> [About this task] Among the entries below, retype exactly the lines starting with the one with "PN: PD/007 Name: Tea" and going on through the one with "Alameda Tower 1", but not the pictures.

> [Data for this task]
──────────────────────────────
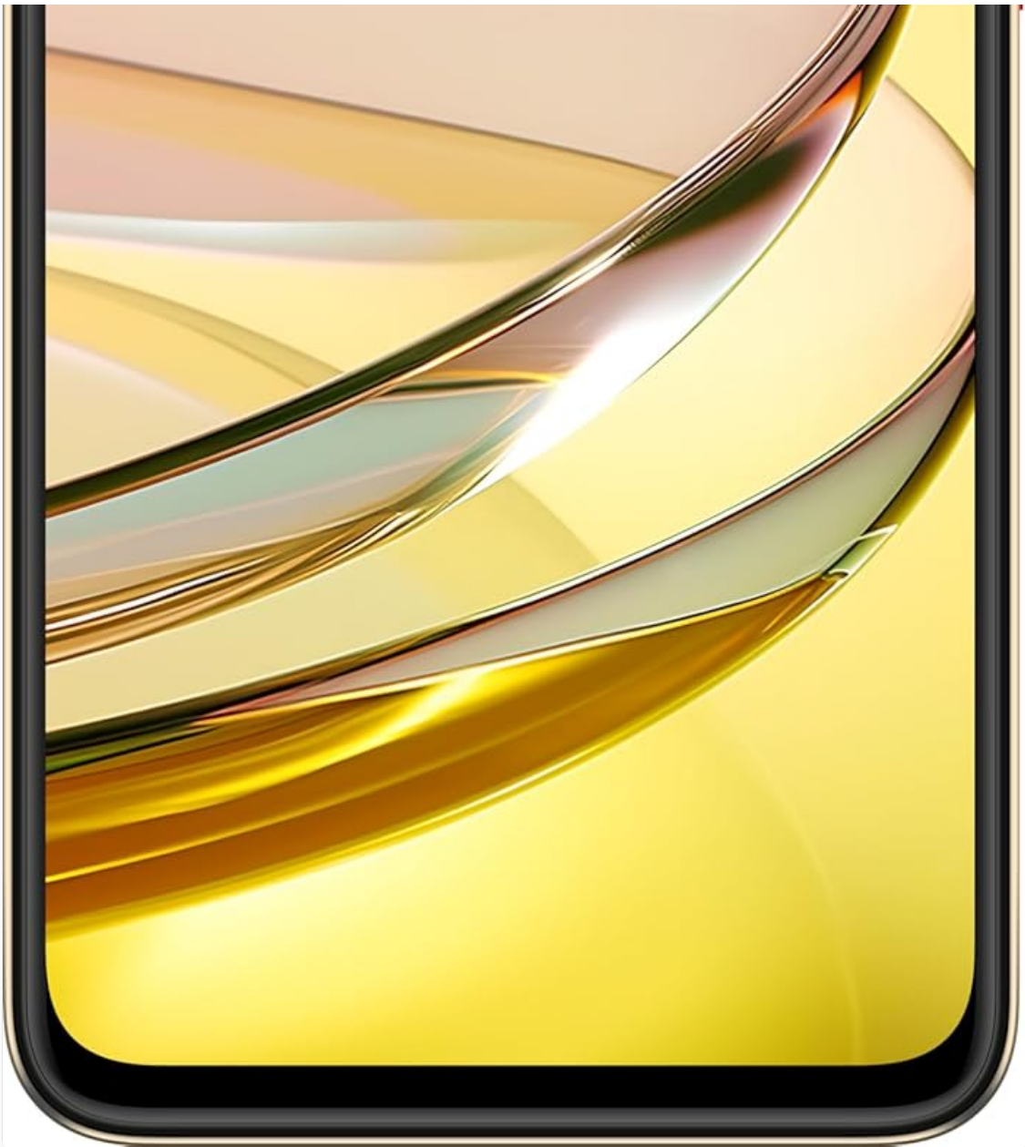
Image: Front view of the nubia V60, showcasing its 6.72-inch FHD+ display.
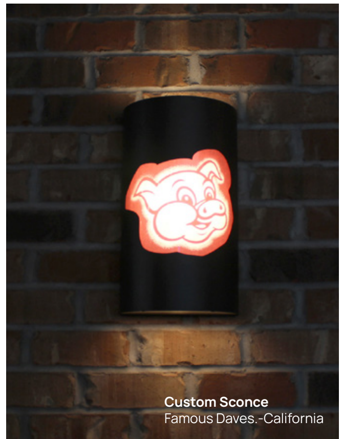
Custom Sconce Famous Daves.-California

Our specialized approach combines innovative design with cutting-edge technology, allowing you to imprint unique patterns, logos, or intricate designs onto high-quality 8mm vinyl.
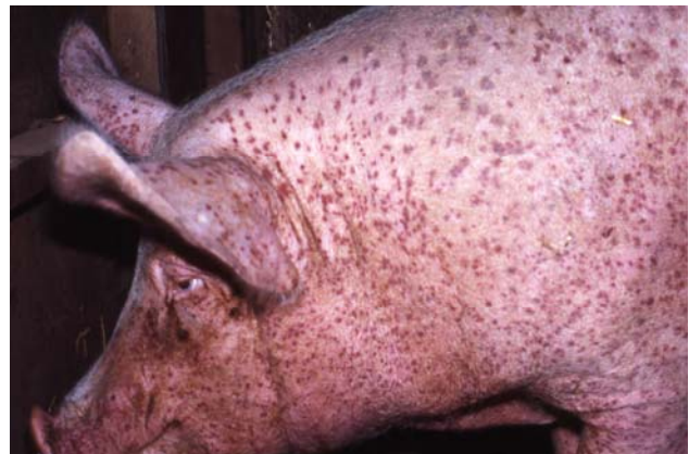
Fig 2: Severe hypersensitive (allergic) mange in a sow
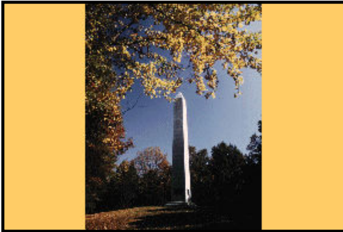
Kings Mountain NMP
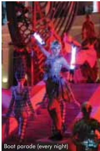
Boat parade (every night)
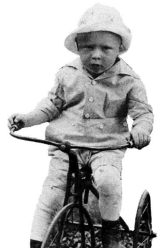
A certain Deacon aged four—guess who! Note those fancy wheels! See next issue.

At the present time there are about one-hundred-eighty in Sabbath attendance at Grand Rapids. This is a foundation upon which God can build a larger church after stability has been achieved.
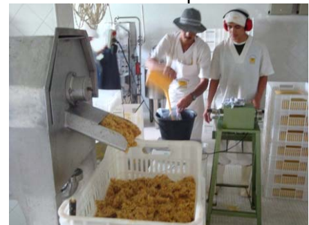
Cashew apple waste

The waste of the juice extraction, the dry cashew apple fibers can be used for the production of animal feed (see below).
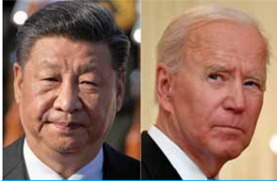
WASHINGTON: This combination of file pictures shows Chinese President Xi Jinping (left) and US President Joe Biden. US President Joe Biden will hold a hotly anticipated virtual summit with his Chinese counterpart Xi Jinping today, the White House announced, as tensions mount over Taiwan, human rights and trade.

WASHINGTON: The top diplomats from China and the United States have exchanged stern warnings over the flashpoint issue of Taiwan, ahead of today's highly awaited summit between their leaders. The virtual meeting of presidents Joe Biden and Xi Jinping comes against a backdrop of rising tensions - in part over Taiwan, a self-ruling democracy claimed by Beijing, but also over trade, human rights and other issues. In a phone call Friday with Chinese Foreign Minister Wang Yi to discuss preparations for the summit, US Secretary of State Antony Blinken raised concerns over Beijing's "military, diplomatic, and economic pressure" on Taiwan.
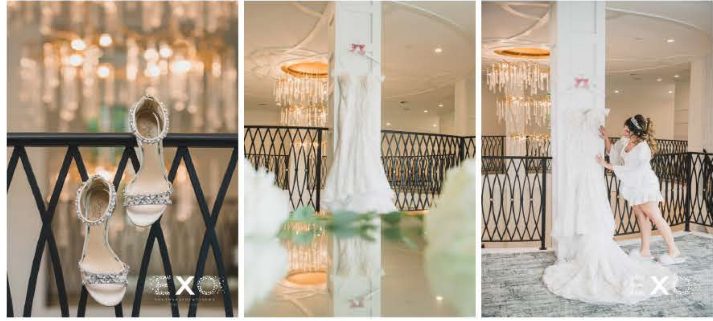
Water's Edge wedding photos of the bride's shoes, gown, bouquet, and getting ready
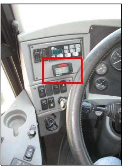
Figure 4. Exemplar SmarTire installation
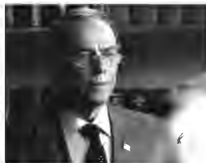
"(Bolton) threatened me & I don't like being threatened."

Harm stands before Sheffield again after the seaman refuses the offer, demanding his acquittal. Sheffield is disconcerted about the refusal, but Harm explains that some things are more important than freedom. Sheffield's face allows us to see a man weighing all his options and one who can instantly make a decision. He reveals that Bolton actually threatened him.
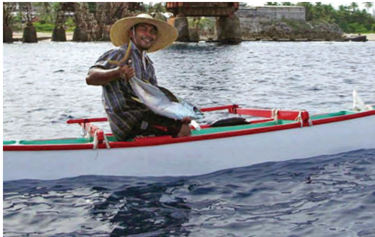
Artisanal fisherman displaying a yellowfin tuna caught at a nearshore FAD off Yaren, Nauru

Artisanal FADs are used to improve the catch rate of people who catch fish to feed their families or sell in small amounts at local markets, as well as people who fish as a hobby. They are anchored within range of small motor boats and canoes and they are an important tool for food security and domestic fisheries' development. The fishing methods used, such as handline and trolling, select only the species that the fishermen want, and only a small proportion of the fish around the FAD are caught.
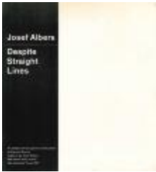
Josef Albers : despite straight lines; an analysis of his graphic constructions (118610288)
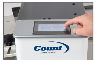
Touch Screen Controller

The COUNT™ iCrease Pro + is a robust solution for creasing and perforating digital media to eliminate cracking when folding. Get the automation of bigger COUNT machines in a simple hand-feed machine anyone can use. The iCrease Pro + can crease and perf in one pass (no need to refeed!), with multiple crease locations and perfect bind covers, with choice of automatic hinge placement or no hinge.
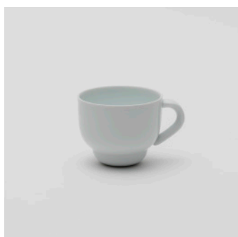
PN: PD/007 Name: Tea Cup Color: White Size: φ92 W115 H75 Price: ¥2,900
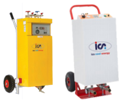
Electric Boilers 3kW to 40kW
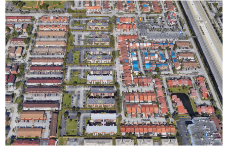
Built in 1988/90 - 312 units - 4 floors

Alameda Tower 1 Condominium Association, Inc 5300 West 21st Court Hialeah, FL 33016 (305) 819-2361 Alameda Tower IV Condominium 5500 W 21st Ct, Hialeah, FL 33016, +1 305-817-8873
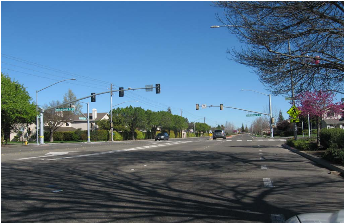
Roselle/Belharbour Intersection - After Improvements
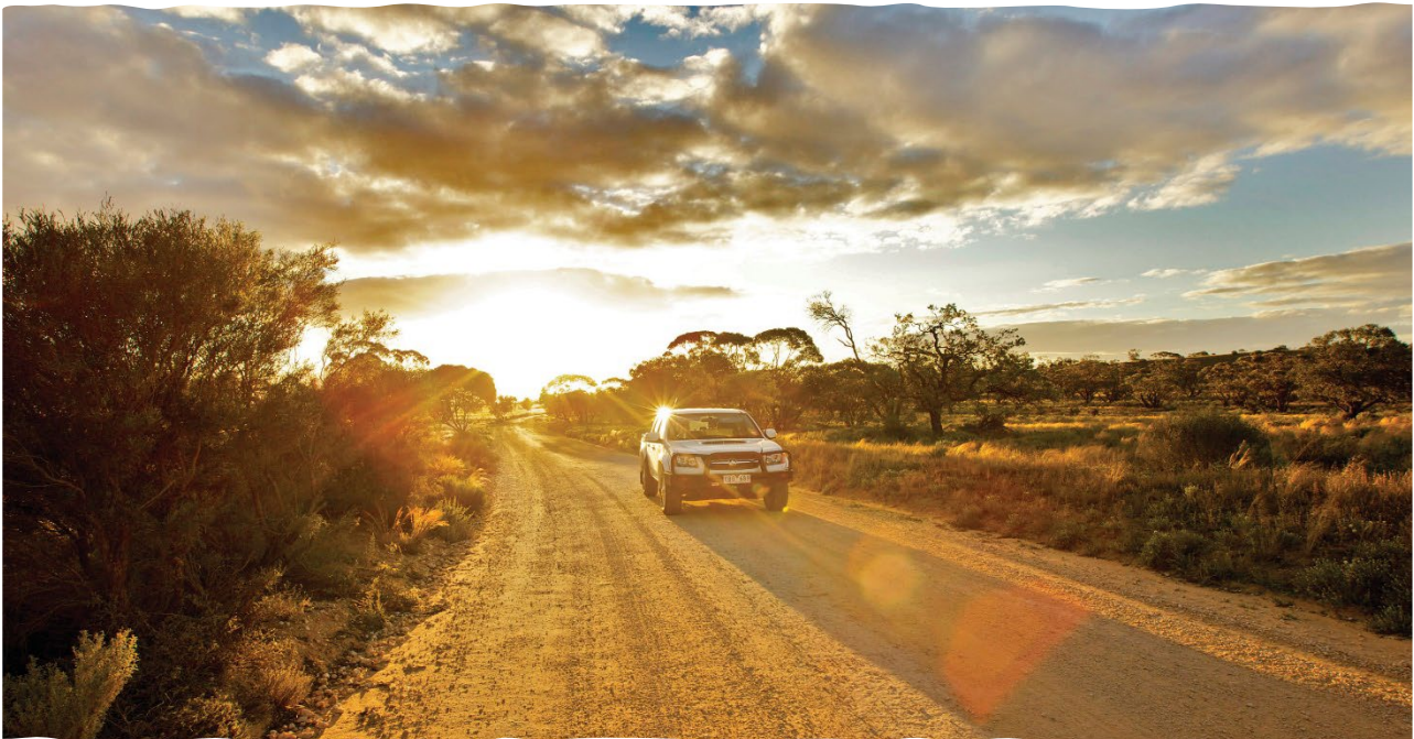
Murray Sunset National Park

Tour Operator and Activity Provider legislation, regulation and policy has been developed and is maintained by the Department of Energy, Environment and Climate Action (DEECA). You can find additional licensing details such as Policy Statements and Fact Sheets by visiting forestsandreserves.vic.gov.au/tour-operators .
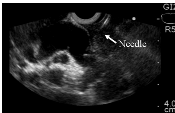
Figure 2. EUS linear image demonstrating common bile duct puncture.

A 0.035 inch guidewire was introduced through the EUS needle, using fluoroscopy. An attempt was made
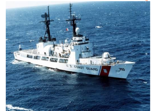
Large Patrol vessels
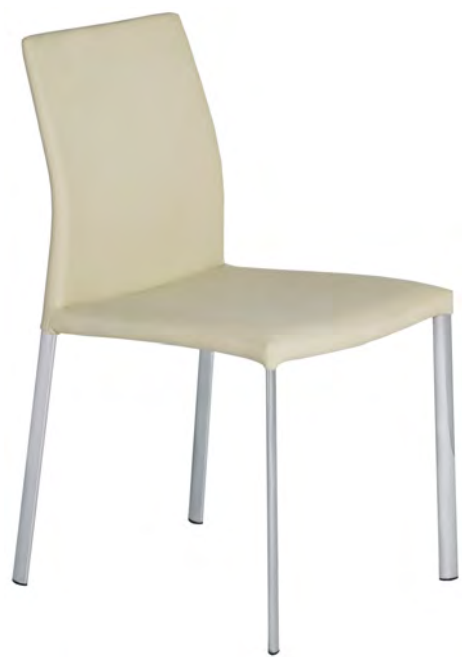
PEARL W.450 D.530 H.840 mm
──────────────────────────────
> [Completed exercise]
PN: PD/007 Name: Tea Cup Color: White Size: φ92 W115 H75 Price: ¥2,900
Electric Boilers 3kW to 40kW
Built in 1988/90 - 312 units - 4 floors

Alameda Tower 1 Condominium Association, Inc 5300 West 21st Court Hialeah, FL 33016 (305) 819-2361 Alameda Tower IV Condominium 5500 W 21st Ct, Hialeah, FL 33016, +1 305-817-8873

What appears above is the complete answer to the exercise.